* [Problem statement]: Without copying any picture, transcribe exactly the lines of the data below from the one containing "阿木爾林業(yè)局專業(y" through the one containing "拱门,蓝色,几何,简约,现代,抽象,光影,空间,设计,艺术".

*** Materials provided ***

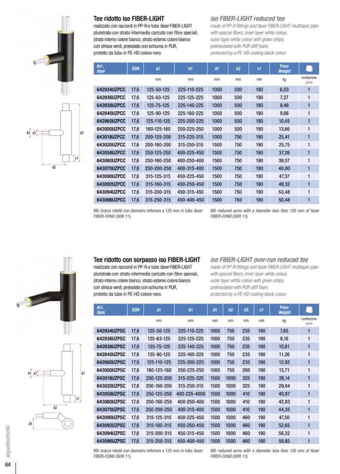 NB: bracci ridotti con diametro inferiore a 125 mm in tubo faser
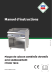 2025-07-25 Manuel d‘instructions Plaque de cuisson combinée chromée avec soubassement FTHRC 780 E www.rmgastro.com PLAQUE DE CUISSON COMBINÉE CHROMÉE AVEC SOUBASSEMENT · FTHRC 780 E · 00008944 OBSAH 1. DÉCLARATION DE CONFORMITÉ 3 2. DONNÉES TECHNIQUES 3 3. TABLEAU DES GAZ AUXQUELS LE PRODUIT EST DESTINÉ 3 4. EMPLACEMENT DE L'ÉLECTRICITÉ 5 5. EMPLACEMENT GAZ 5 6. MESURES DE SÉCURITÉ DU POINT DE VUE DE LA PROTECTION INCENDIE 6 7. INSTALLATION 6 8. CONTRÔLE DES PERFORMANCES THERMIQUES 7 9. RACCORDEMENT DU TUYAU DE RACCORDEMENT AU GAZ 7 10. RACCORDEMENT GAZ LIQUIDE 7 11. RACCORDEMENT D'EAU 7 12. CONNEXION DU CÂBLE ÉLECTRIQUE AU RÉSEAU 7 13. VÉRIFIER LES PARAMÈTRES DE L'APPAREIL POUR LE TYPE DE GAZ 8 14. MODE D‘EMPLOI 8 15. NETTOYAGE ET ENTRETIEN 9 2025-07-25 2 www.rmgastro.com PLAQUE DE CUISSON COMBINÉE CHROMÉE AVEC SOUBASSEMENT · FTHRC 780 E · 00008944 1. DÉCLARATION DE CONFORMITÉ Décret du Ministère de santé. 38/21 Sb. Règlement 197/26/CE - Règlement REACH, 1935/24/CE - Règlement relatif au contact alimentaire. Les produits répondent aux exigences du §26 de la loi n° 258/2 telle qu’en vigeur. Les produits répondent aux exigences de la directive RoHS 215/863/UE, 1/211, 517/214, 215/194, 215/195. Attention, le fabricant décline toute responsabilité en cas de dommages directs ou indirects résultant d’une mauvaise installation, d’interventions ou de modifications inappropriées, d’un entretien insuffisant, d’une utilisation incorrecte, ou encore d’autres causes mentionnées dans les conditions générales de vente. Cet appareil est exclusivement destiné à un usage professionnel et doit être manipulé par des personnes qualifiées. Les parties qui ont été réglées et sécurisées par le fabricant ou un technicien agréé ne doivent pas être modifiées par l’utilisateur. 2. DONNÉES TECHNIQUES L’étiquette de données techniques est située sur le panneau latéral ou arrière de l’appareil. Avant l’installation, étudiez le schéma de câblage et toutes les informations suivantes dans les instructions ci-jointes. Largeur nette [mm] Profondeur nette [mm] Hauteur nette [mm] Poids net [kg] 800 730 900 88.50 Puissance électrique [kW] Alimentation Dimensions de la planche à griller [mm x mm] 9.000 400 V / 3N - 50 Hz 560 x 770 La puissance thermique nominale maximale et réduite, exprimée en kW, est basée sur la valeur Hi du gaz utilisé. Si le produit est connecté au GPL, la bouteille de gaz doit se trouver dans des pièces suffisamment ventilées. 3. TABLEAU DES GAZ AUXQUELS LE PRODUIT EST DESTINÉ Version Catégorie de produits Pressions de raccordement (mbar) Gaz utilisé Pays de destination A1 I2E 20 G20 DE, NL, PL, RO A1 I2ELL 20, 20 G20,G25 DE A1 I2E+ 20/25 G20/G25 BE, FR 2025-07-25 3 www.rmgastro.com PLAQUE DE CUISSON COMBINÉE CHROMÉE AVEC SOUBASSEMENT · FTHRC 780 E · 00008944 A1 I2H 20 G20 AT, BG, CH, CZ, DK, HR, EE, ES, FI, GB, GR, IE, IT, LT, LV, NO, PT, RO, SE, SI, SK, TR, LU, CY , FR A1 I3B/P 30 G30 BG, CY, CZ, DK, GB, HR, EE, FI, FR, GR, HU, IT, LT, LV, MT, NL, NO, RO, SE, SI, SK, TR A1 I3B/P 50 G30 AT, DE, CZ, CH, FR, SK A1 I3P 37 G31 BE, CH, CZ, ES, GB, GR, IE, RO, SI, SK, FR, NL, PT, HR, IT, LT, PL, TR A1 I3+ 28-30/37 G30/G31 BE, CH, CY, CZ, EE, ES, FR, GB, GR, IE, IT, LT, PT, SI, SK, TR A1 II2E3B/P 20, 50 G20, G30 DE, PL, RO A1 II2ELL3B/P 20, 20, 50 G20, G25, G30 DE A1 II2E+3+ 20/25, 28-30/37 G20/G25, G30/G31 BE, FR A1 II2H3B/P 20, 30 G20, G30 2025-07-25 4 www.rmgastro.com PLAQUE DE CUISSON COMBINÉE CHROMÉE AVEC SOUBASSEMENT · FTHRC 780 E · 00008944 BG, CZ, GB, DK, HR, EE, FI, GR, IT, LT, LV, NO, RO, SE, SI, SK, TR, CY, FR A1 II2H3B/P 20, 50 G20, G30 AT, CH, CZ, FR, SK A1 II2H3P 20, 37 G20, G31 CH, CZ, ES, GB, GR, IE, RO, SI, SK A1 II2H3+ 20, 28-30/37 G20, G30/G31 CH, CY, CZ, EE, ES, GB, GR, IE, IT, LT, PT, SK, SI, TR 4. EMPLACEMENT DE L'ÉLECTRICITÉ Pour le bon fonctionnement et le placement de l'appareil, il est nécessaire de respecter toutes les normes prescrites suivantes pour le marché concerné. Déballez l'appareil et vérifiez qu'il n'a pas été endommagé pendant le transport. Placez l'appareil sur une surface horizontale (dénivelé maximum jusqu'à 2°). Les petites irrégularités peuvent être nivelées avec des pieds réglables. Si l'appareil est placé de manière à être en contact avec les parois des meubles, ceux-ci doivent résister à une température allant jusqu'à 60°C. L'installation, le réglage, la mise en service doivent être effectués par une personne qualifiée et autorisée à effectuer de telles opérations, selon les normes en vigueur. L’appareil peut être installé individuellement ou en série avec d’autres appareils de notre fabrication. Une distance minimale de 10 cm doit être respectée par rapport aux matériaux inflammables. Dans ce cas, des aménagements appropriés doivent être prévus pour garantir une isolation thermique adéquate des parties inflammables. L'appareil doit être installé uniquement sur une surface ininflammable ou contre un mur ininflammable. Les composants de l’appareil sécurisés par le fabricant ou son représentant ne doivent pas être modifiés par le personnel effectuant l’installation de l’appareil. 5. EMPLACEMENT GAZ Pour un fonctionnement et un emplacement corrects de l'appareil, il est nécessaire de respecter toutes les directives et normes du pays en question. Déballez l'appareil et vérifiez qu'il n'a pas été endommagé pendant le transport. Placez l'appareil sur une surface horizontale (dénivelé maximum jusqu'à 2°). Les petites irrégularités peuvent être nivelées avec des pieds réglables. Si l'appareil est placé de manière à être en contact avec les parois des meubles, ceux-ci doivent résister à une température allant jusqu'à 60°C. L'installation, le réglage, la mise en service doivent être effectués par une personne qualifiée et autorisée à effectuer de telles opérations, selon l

***
*** Materials provided ***

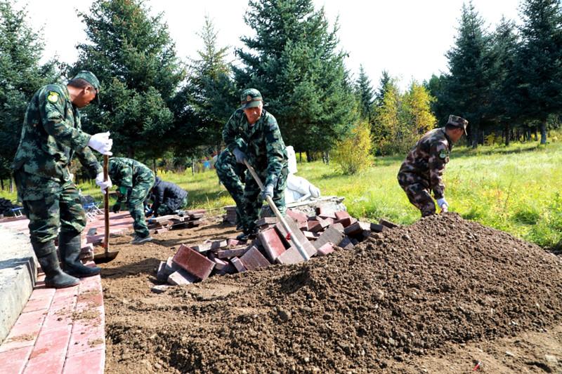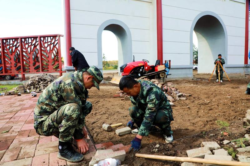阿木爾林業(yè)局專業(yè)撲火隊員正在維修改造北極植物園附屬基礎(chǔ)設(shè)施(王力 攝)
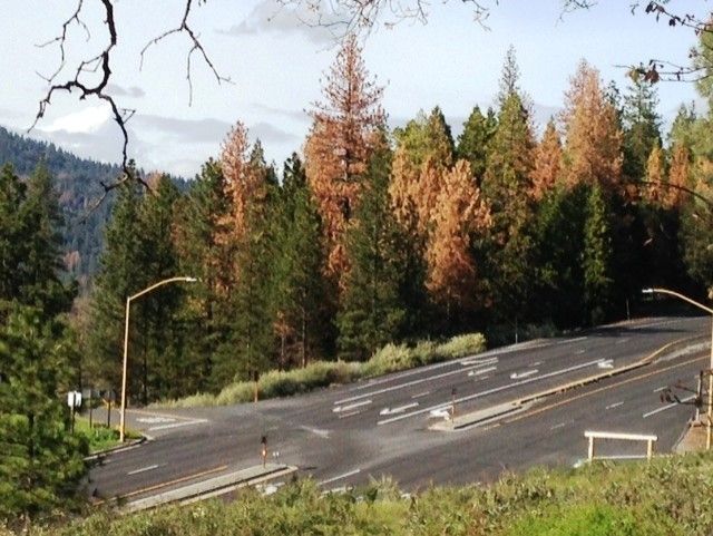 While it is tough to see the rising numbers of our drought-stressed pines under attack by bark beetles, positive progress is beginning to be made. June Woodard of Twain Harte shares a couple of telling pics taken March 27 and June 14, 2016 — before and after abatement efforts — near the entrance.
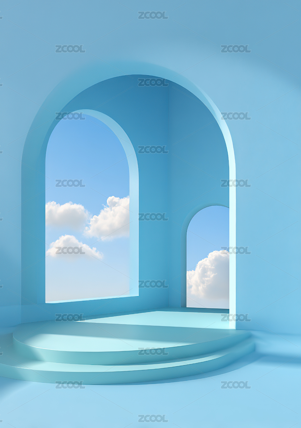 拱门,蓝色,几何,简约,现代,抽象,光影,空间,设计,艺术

***
*** Materials provided ***

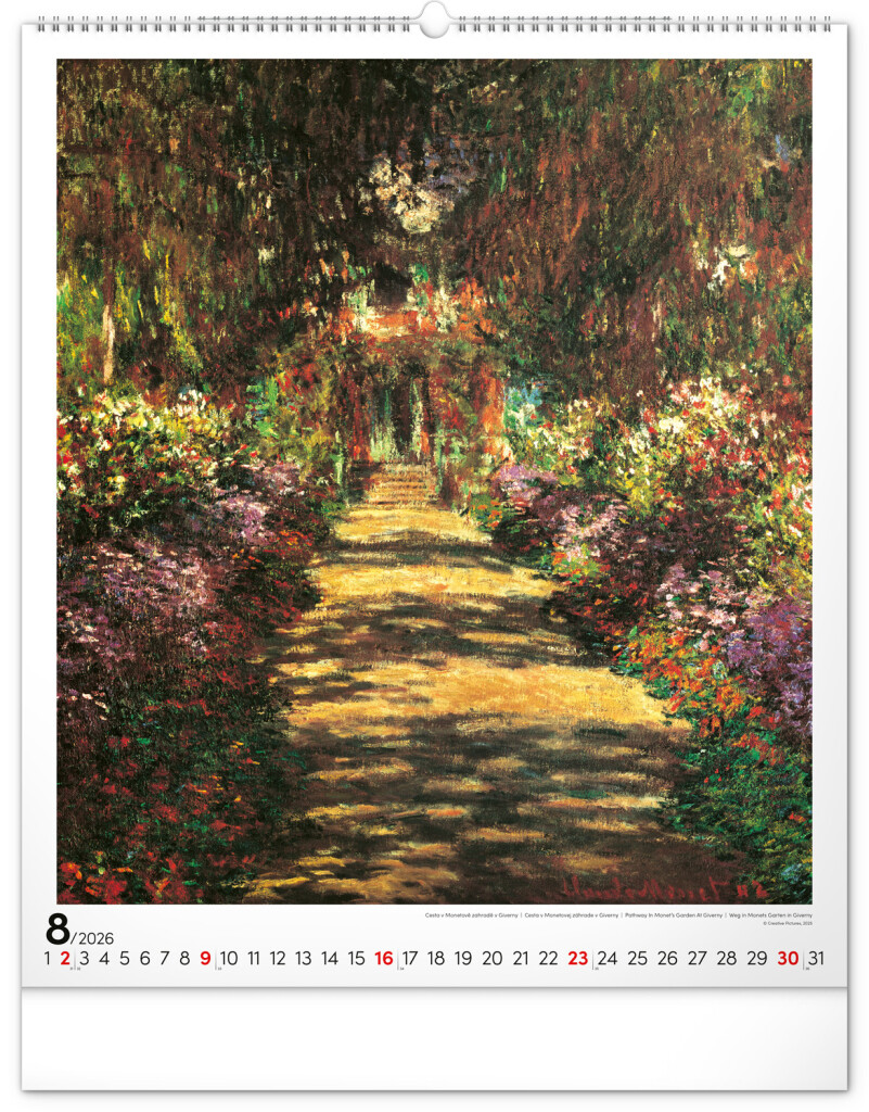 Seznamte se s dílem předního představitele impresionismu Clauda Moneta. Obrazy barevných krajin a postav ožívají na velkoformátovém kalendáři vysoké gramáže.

***

* [Answer space]:
阿木爾林業(yè)局專業(yè)撲火隊員正在維修改造北極植物園附屬基礎(chǔ)設(shè)施(王力 攝)
 While it is tough to see the rising numbers of our drought-stressed pines under attack by bark beetles, positive progress is beginning to be made. June Woodard of Twain Harte shares a couple of telling pics taken March 27 and June 14, 2016 — before and after abatement efforts — near the entrance.
 拱门,蓝色,几何,简约,现代,抽象,光影,空间,设计,艺术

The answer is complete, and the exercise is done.